Leonardo da Vinci observed five hundred years ago that air bubbles of a large enough size, do not rise to the surface of a liquid in a straight line. Rather, he declared, they travel in a periodic zig-zag or spiral motion.
Anyone who has opened a soda bottle could find that out. What neither da Vinci nor soda drinkers could find out is why the bubbles move so erratically.
And until recently, even modern scientists and mathematicians were at an impasse trying to quantitatively describe this movement.
What's up with bubbles?
Researchers University of California Berkeley published their peer-reviewed findings on Tuesday in the journal PNAS, announcing that they had derived a quantitative model for a bubble's upward movement to a high degree of precision.
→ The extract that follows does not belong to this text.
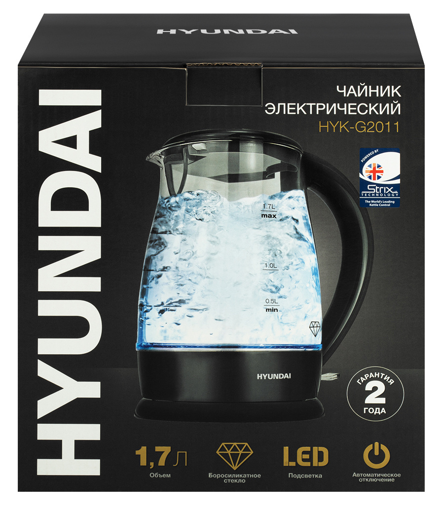 Электрочайник Hyundai HYK-G2011 отличается практичностью и доступностью. Прозрачная тонкостенная колба высокопрочная и термостойкая. Своими поразительными потребительскими качествами она обязана боросиликатному стеклу, сохраняющему первозданную прозрачность на протяжении всего времени использования. Приготовленный кипяток никогда не пахнет пластиком, у него отсутствует и посторонний привкус. Яркие голубые светодиоды подсветки превращают обыденное кипячение в увлекательное действие, нравящееся не только детям, но и их родителям. При закипании чайник мало шумит, лишь щелчок отключившейся кнопки напомнит о нем.

"While it was previously believed that the bubble’s wake becomes unstable," wrote study authors, "we now demonstrate a new mechanism, based on the interplay between flow and bubble deformation."
Researchers also pointed out that their findings could be useful in understanding the motion of particles that behave neither like a liquid nor a gas.
The study proposes a mechanism for the instability of the bubble's trajectory wherein the periodic tilting of the bubble itself changes its very shape - the curvature of its sphere. This in turn affects the upward velocity and results in the wobbly path we have grown accustomed to seeing in our everyday lives.